Set minicom to whatever you define on the headless box.

9600,n,1 was a popular serial terminal defualt.

----------

## jeanluca

I cannot find the option to turn on Serial support ? Any suggestions where that is ?

Thnx

Luca

----------

## luispa

 *luca wrote:*   

> 
> 
> I have a GenToo PC without a monitor, once in a while it stops somewhere in its boot process. Now I would like to make access via minicom (serial), to see what is happening.
> 
> But minicom requires some options, like 'Bps/Par/Bits (bit rate)..... Any suggestions what this one should be

 

What do you want:

- Access from this "Gentoo PC" to other equipment using its serial port (i.e. COMx) using minicom

or

- Enable the serial port of this "Gentoo PC" as the output device for the console messages, because you don't have a Monitor, so other equipment can connect to it.

luis

----------

## karl_rister

The kernel options that you are looking for are located down this path:

Device Drivers->Character Devices->Serial Drivers

The options that you want to enable are these:

8250/16550 and compatible serial support

Console on 8250/16550 and compatible serial port

Once you have the kernel built with those options and it is installed and booting you have a few more things to do.  Assuming that you have Grub, the following will allow you to control it from the serial port and then see kernel output as the system boot.

Add these lines to your grub.conf file:

serial --unit=0 --speed=115200

terminal --timeout=10 serial console

This tells grub to work on the serial port at a 115200 baud (as suggested earlier 9600 is a common one but that is very slow, 115200 is much more bearable).  It also tells grub to print a message for 10 seconds before actually hitting the menu, this gives you the chance to override the serial setting and use grub from the normal console as it cannot work on both at the same time.
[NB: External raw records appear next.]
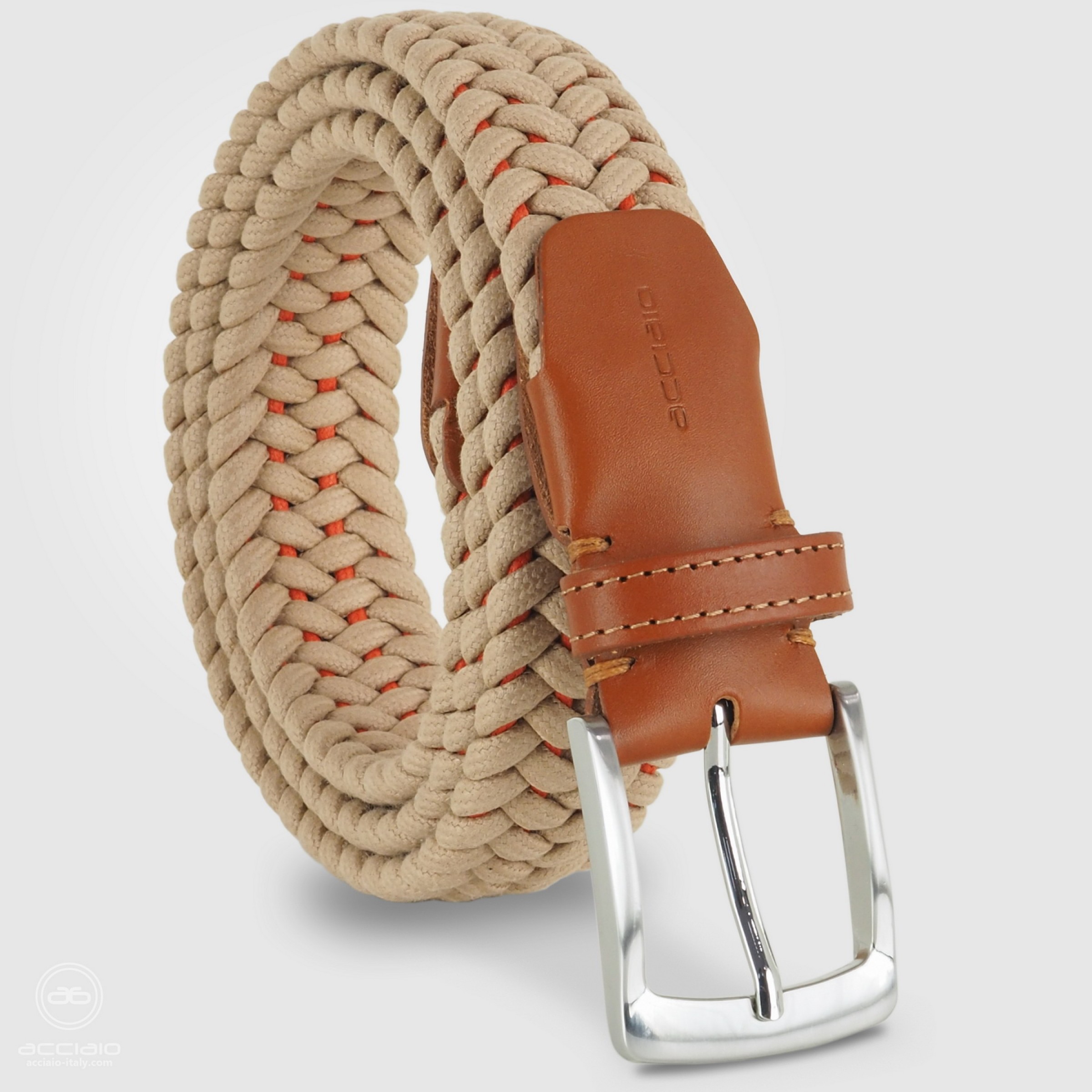 Braided Stretch belt made by Elastic multicolor Orange Red Khaki with leather appliques in fashion c..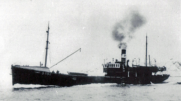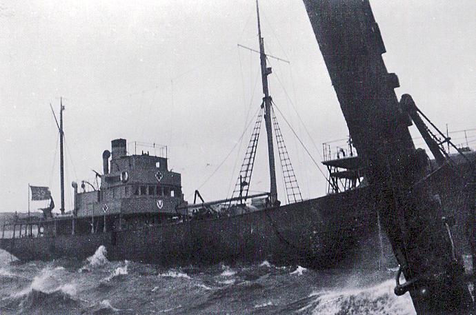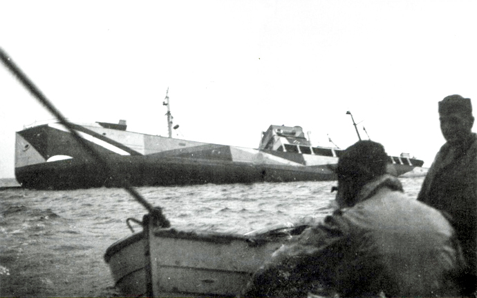 I tysk teneste under siste krig fekk «Pioner I» namnet «Rätier» og gjekk inn i hamneflotiljen i Molde. Her ser vi båten under ein storm jula 1941. (Foto: Kurt Reichmuth).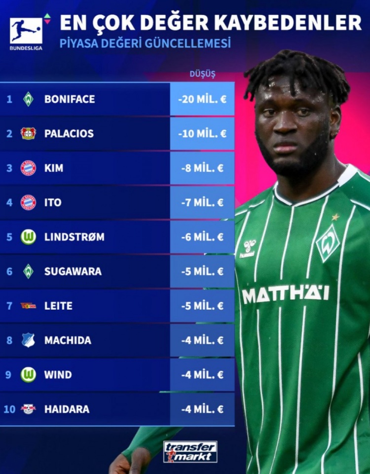 📉德甲球员身价下跌榜:博尼费斯缩水2000万,金玟哉第三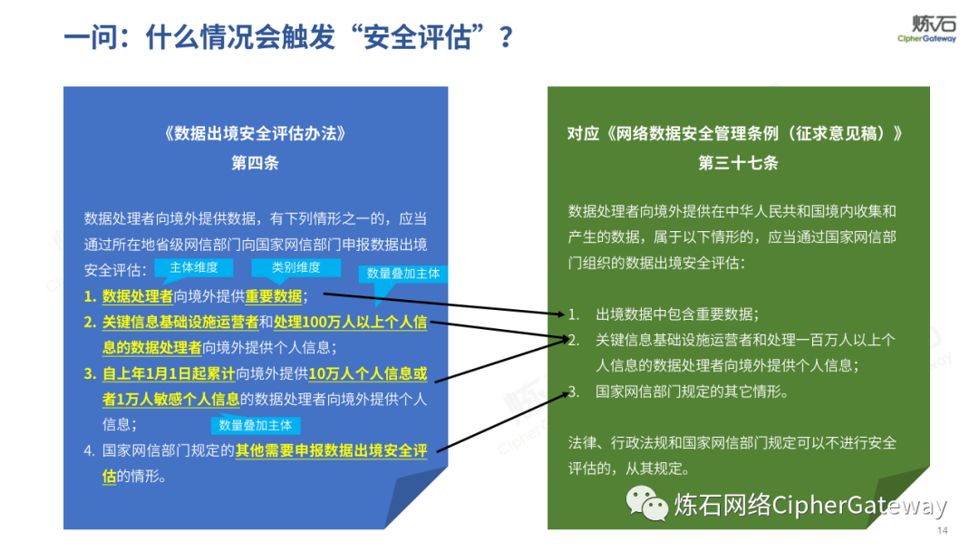 (一)关键信息基础设施的运营者收集和产生的个人信息和数据处理者向境外提供重要数据;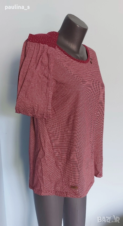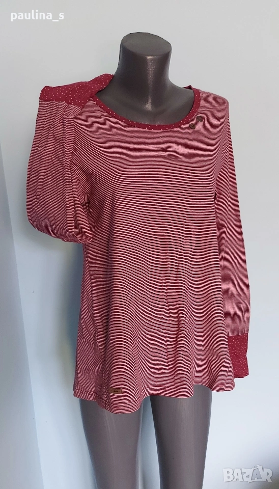 2️⃣. L / 2XL - "ragwear". Цената е крайна, без пазарлъци 20 евро. Маркова туника от двуцветно памучно трико, органичен памук. Брандирана и декорирана с елементи от естествена кожа, копчетата отзад са много шик. Задната част е издължена и преминава отпред в интересна кройка. Ръкавите са с издължени маншети, които могат да се носят по различен начин или подгънати. Изработката е перфектна, брандирана.

You then need to add the following to each kernel line that you want to be able to use in order to see kernel boot output:

console=tty0 console=ttyS0,115200

So a line would look something like:

kernel /vmlinuz root=/dev/something console=tty0 console=ttyS0,115200

The last thing that you may want to enable is login on the serial port.  This requires a getty running on the serial port which is setup in /etc/inittab.  On my Gentoo system I see the following in that file:

# SERIAL CONSOLES

#s0:12345:respawn:/sbin/agetty 9600 ttyS0 vt100

#s1:12345:respawn:/sbin/agetty 9600 ttyS1 vt100

You should uncomment the line starting with s0 and change the 9600 to 115200.  If you want to be able to login in as root on the serial console make sure that ttyS0 is in /etc/securetty.

If you have need to use a different serial port (this all assumes com0) then use ttyS* where * is the com number.

----------

## jeanluca

Sorry for my very late reply, too bussy with other stuff....

But now I've applied your suggestions, and it works, very nice!!

But there are actually 2 questions left. 

When I boot, it waits for me to hit a key:

    Press any key to continue

    Press any key to continue

...........

(10 times, than it continuous booting) its not a big problem, but why does it do that ?

And second, I don't see the boot messages, is there any change I can get those too ? so when there are problems during boot it would be nice to see those, right ?!

Thanks a lot

Luca

----------